Simeprevir with peginterferon plus ribavirin for treatment-naïve HCV genotype 1b patients in Japan
The Phase II, multicenter, double-blind, DRAGON study (A Phase II Study of TMC435 in Patients with Chronic Hepatitis C; NCT00996476) examined the efficacy and safety of two different doses of simeprevir administered QD for two different durations in combination with peginterferon plus ribavirin in treatment-naïve HCV genotype 1b patients.22 A total of 92 patients were randomly assigned to one of five groups (Figure 3): simeprevir (50 mg or 100 mg QD) for 12 or 24 weeks, and peginterferon plus ribavirin. Patients in the simeprevir arms were treated for 24 or 48 weeks according to RGT criteria.
Figure 3 DRAGON study designs and results.
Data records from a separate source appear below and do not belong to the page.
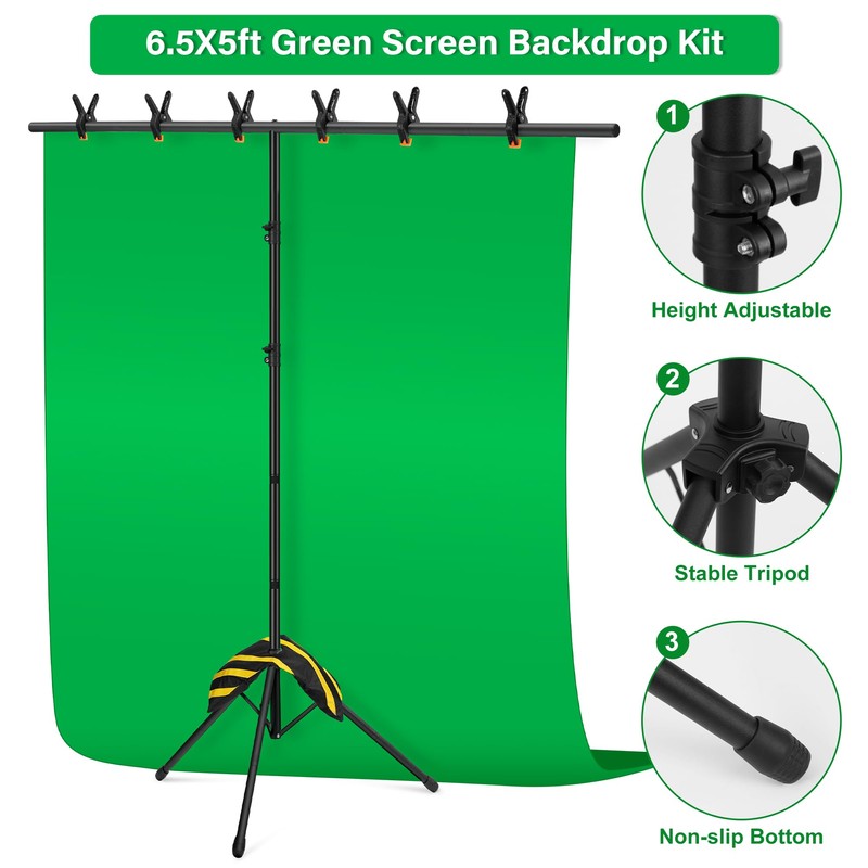 • Sturdy background stand: The green screen stand is made of high quality metal, durable. The bottom is equipped with a non-slip design to increase the stability of the backdrop.
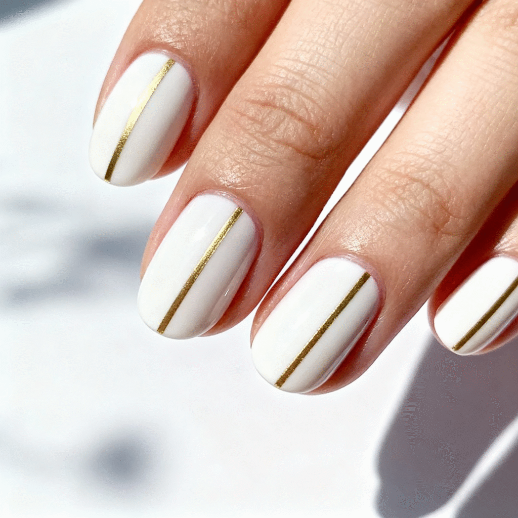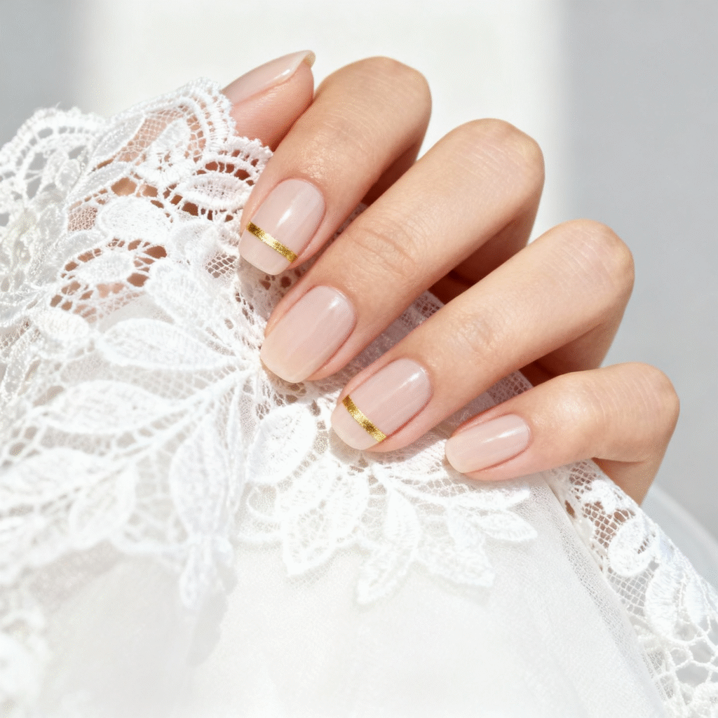 Minimalist gold line nails feature a nude or white base accented by a single thin gold stripe. This chic design suits brides who adore simplicity with a modern luxury twist.
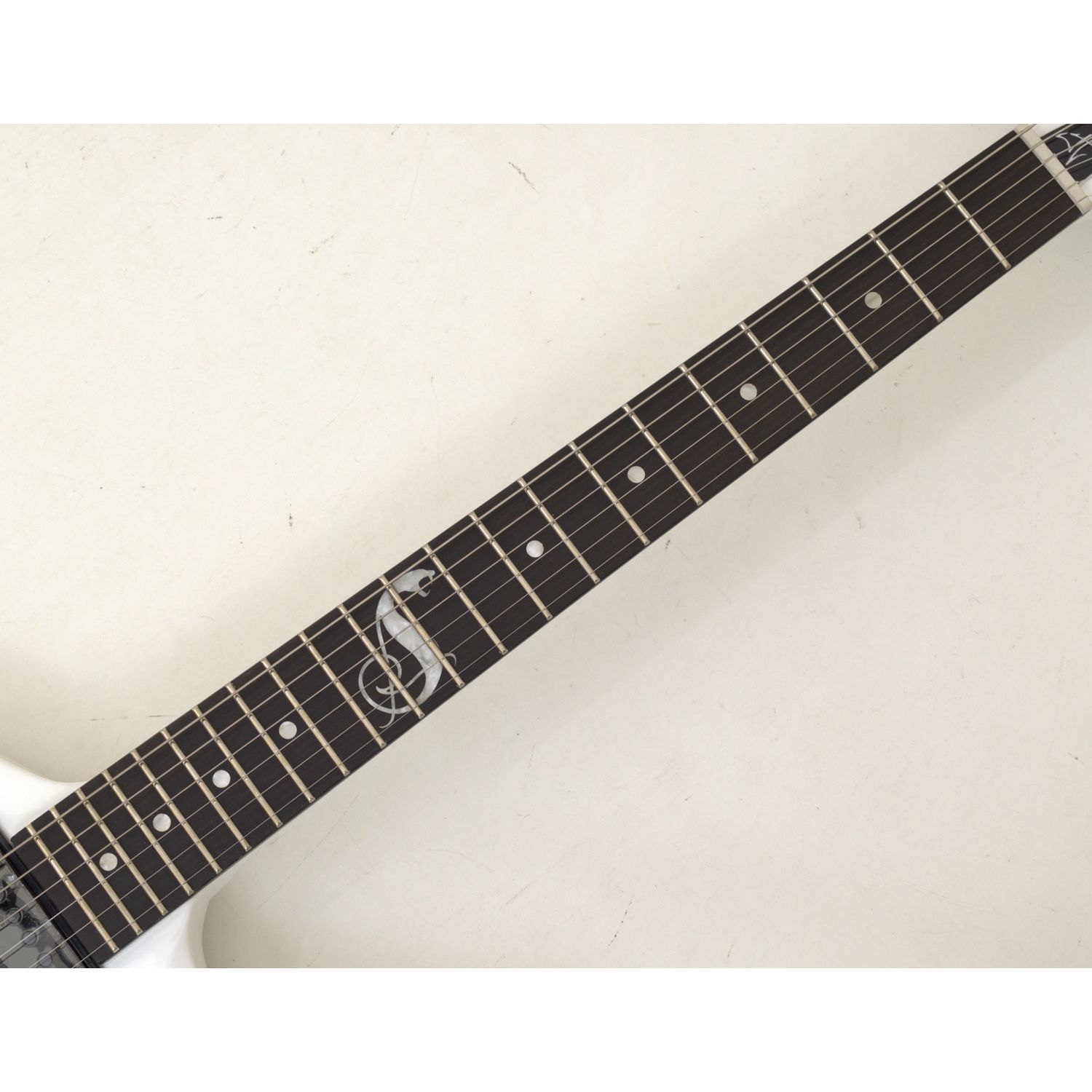 - Finish: The SNOW WHITE finish gives the guitar a striking, stage-ready look that complements its aggressive sound. The black hardware further accentuates its bold aesthetic.
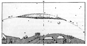 The most unusual phenomenon of the auroral storm, witnessed from Europe at approximately 6 p.m. on November 17, was described in detail in various ways, including as a "beam", "spindle", "definite body" with a "Zeppelin"-like shape and pale green colour, passing from horizon to horizon above the Moon.[7] The phenomenon, which transited the sky in approximately seventy-five seconds, was witnessed and documented by the amateur scientist and astronomer, John Rand Capron, at Guildown, Surrey. Capron made a drawing of what he referred to as the "auroral beam"; it subsequently was published along with an article in the Philosophical Magazine.[1] In the article, Capron collected twenty-six separate accounts, of which the majority came from the United Kingdom : these included reports of the object's torpedo-shaped appearance and an apparent dark nucleus.[7] Several of Capron's correspondents speculated that the phenomenon might have been a meteor, but Capron (and Maunder, who wrote a note in The Observatory on Capron's study) thought it could have represented a transient illumination of an otherwise invisible auroral arc.[8]
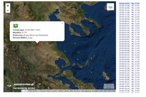 Σεισμός 3,7 Ρίχτερ κούνησε την Ελασσόνα το μεσημέρι Σαββάτου
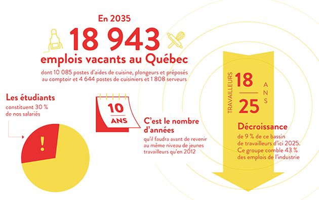 Sachant que 43% des emplois dans les services de restauration sont occupés par des personnes âgées de moins de 25 ans, la situation est très inquiétante. En effet, on prévoit une décroissance importante de 9% de ce bassin de travailleurs d’ici 2025.

In the simeprevir groups, nine patients permanently discontinued all treatment due to adverse events (8/79, 10%) or virologic stopping criteria (1/79, 1.3%). In the peginterferon plus ribavirin for 48 weeks group, three patients permanently discontinued all treatment due to adverse events (2/13, 15%) or another reason (1/13, 7.7%).22 Among the simeprevir groups, SVR rates ranged from 83%–90% (Figure 3).22 In the DRAGON study,22 no emerging mutations were observed in the selected NS3 protease domain in the single patient with viral breakthrough. Among ten of eleven simeprevir-treated relapsers, mutations in the NS3 protease domain (Q80R, R155Q, and D168A/C/E/H/V, alone or in combination) emerged in six patients.22 These results showed that simeprevir was highly effective for patients infected with HCV subgenotype 1b, to which almost all of HCV genotype 1 belongs.23 The RGT approach might be beneficial for patients in Japan, although the majority of simeprevir-treated patients were eligible to stop all treatment at week 24.22 The addition of simeprevir (100 mg QD) to peginterferon plus ribavirin demonstrated potent antiviral activity and improved the SVR rates with only 24-week treatment duration in treatment-naïve patients infected with HCV genotype 1 in Japan.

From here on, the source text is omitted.